- Opening Delimiter -

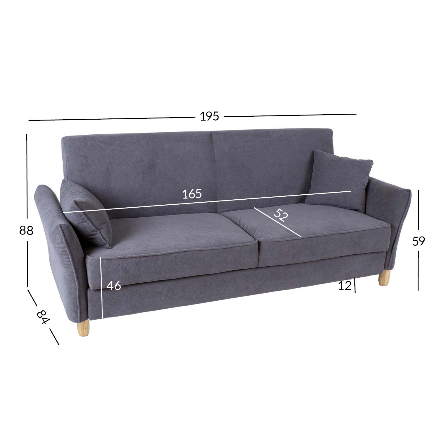 Diivani üldmõõdud on 195x84xH88cm, istme laius 165cm, istme sügavus 52cm, istme kõrgus 46cm. Käetoe kõrgus maast 59cm. Magamisosa mõõdud avatuna on 165x105xH46cm.
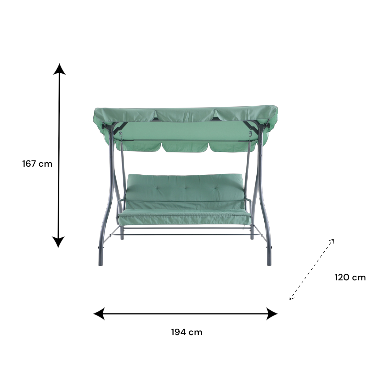3 személyes hintaágy világoszöld párnával – 194 × 120 × 167 cm
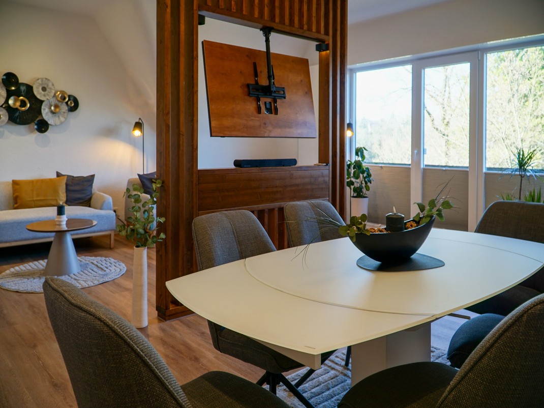 Mit seiner wohnlichen Atmosphäre bildet er den perfekten Rahmen für einen entspannten Abend in geselliger Runde und lädt zudem mit seiner medialen Ausstattung zum konzentrierten Arbeiten ein.
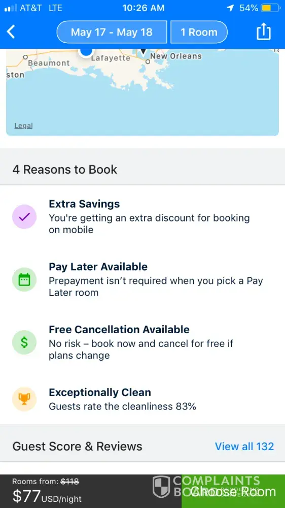 misrepresenting hotel room available
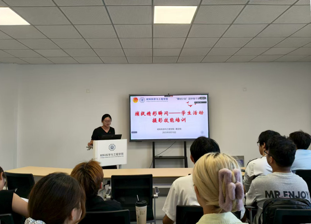 为进一步提升我院团学骨干的宣传综合素养,用镜头讲好材料学院故事,9月10日,365英国上市官方网站“菁材计划”团学骨干系列培训之《捕捉精彩瞬间——学生活动摄影技能培训》在56号楼436举行。本次培训由学院团委书记蒋旦悦老师主讲,为同学们带来了一场“干货”满满的技能盛宴,学院团学组织骨干和班级代表参加。
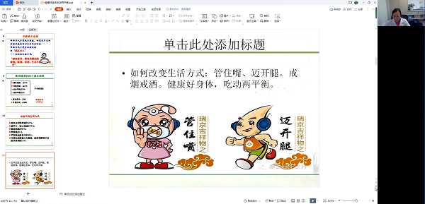 3月8日,一場線上健康知識講座拉開了序幕。公司特邀長江委長江醫(yī)院白俊芬主任以《健康好身體,吃動兩平衡》為題,從飲食、運動等方面向大家傳授健康知識,叮囑大家要調(diào)整飲食結(jié)構(gòu),合理安排體育鍛煉,這樣才能擁有一個健康的身體,更好工作,幸福生活。
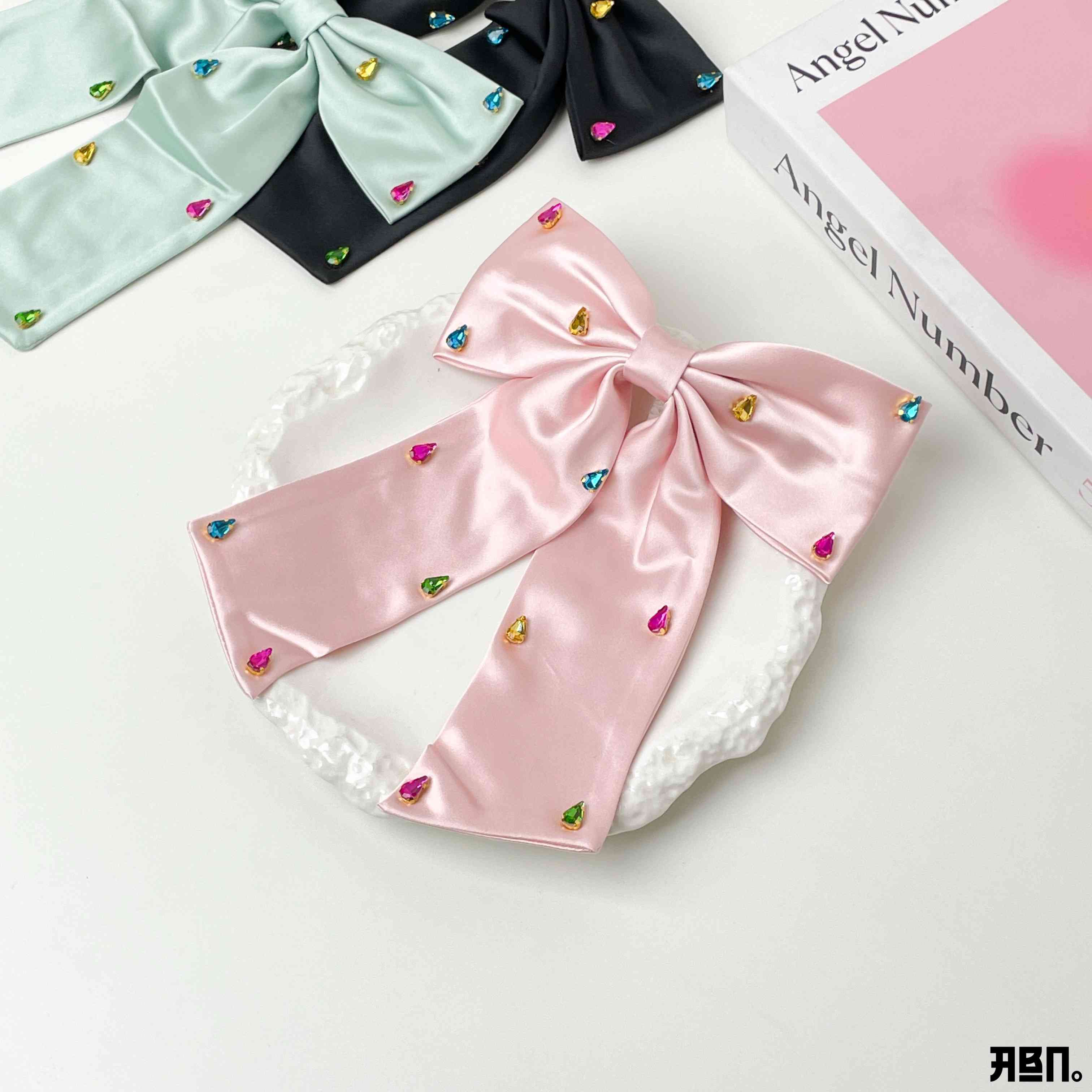 فيونكة شعر ستن بكريستالات ملونة فيونكة شعر بتصميم لطيف

- Closing Delimiter -

- **Task description**:
Would you write out the data exactly, with no pictures in the copy?

- **Solution**:
 Diivani üldmõõdud on 195x84xH88cm, istme laius 165cm, istme sügavus 52cm, istme kõrgus 46cm. Käetoe kõrgus maast 59cm. Magamisosa mõõdud avatuna on 165x105xH46cm.
3 személyes hintaágy világoszöld párnával – 194 × 120 × 167 cm
 Mit seiner wohnlichen Atmosphäre bildet er den perfekten Rahmen für einen entspannten Abend in geselliger Runde und lädt zudem mit seiner medialen Ausstattung zum konzentrierten Arbeiten ein.
 misrepresenting hotel room available
 为进一步提升我院团学骨干的宣传综合素养,用镜头讲好材料学院故事,9月10日,365英国上市官方网站“菁材计划”团学骨干系列培训之《捕捉精彩瞬间——学生活动摄影技能培训》在56号楼436举行。本次培训由学院团委书记蒋旦悦老师主讲,为同学们带来了一场“干货”满满的技能盛宴,学院团学组织骨干和班级代表参加。
 3月8日,一場線上健康知識講座拉開了序幕。公司特邀長江委長江醫(yī)院白俊芬主任以《健康好身體,吃動兩平衡》為題,從飲食、運動等方面向大家傳授健康知識,叮囑大家要調(diào)整飲食結(jié)構(gòu),合理安排體育鍛煉,這樣才能擁有一個健康的身體,更好工作,幸福生活。
 فيونكة شعر ستن بكريستالات ملونة فيونكة شعر بتصميم لطيف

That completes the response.